Supporting and Encouraging Working Catholic Moms by Shelly Kelly


kelly_shellyToday, I’m absolutely thrilled to welcome talented blogger Shelly Kelly to our family of contributors!  Shelly and her sister Lisa Jones comprise the blogging team at the always-inspiring Of Sound Mind and Spirit blog.  Shelly will join us monthly to share her thoughts and perspective on the challenges and joys of being a working Catholic mom.  I’ve prayed for quite some time about providing more resources for the moms who visit our site and who work outside the home – Shelly is truly an answer to that prayer, and a great friend too!  I hope you enjoy getting to know her here and that you’ll share your thoughts on what you’d like to see in her columns!  Lisa

I was having a conversation with my sister, Lisa Jones,  about her regular column at Catholic Mom. I’m so proud of her in how she’s developing as a writer and I’m impressed with her Little Moments and insights about daily events. She wanted to know when I’d be submitting regular columns to Catholic Mom. She seemed surprised when I told her that I don’t really feel like a “Catholic Mom.”

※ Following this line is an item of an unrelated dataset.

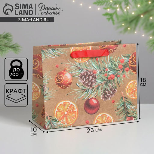 Набор: Нет. Для кого: Унисекс. Форма: Прямоугольная. Плотность, г/м: 150. Рекомендуемая нагрузка, кг: 1. Допустимый вес вложения, г: 1000. Тематика: Новогодняя. Тематика: Фрукты. Тематика: Растительный орнамент. Рисунок: Да. Символ года: Нет. Тематика праздника: Новый год. Отделка пакета: Крафт. Расширение: Без складки. Вид ручки: Ручка-лента. Форма пакета: Горизонтальный. Особенности: Без особенностей. Бесплатная доставка: Да. Наша разработка: Да. Размеры товара: 11.5/27/23.

And I don’t. When someone asks me who I am or what I do, Mom is not the first response that comes to mind. I’m simply “Shelly” and the titles that follow are complex.

After years of developing and evolving my own self-identity as a daughter, sister, college student, graduate student, employee, Certified Archivist, wife, sister-in-law, mother, and Catholic, I’ve never considered myself just one of those things. Because I had a career that I loved first, and did not have the choice of leaving it when I had my first child, I’ve never really thought of myself as “Just a Mom.” I’ve always been a “Working Mom.” I’ve worked hard to find and maintain a sufficient balance in my two lives and do what works for our family.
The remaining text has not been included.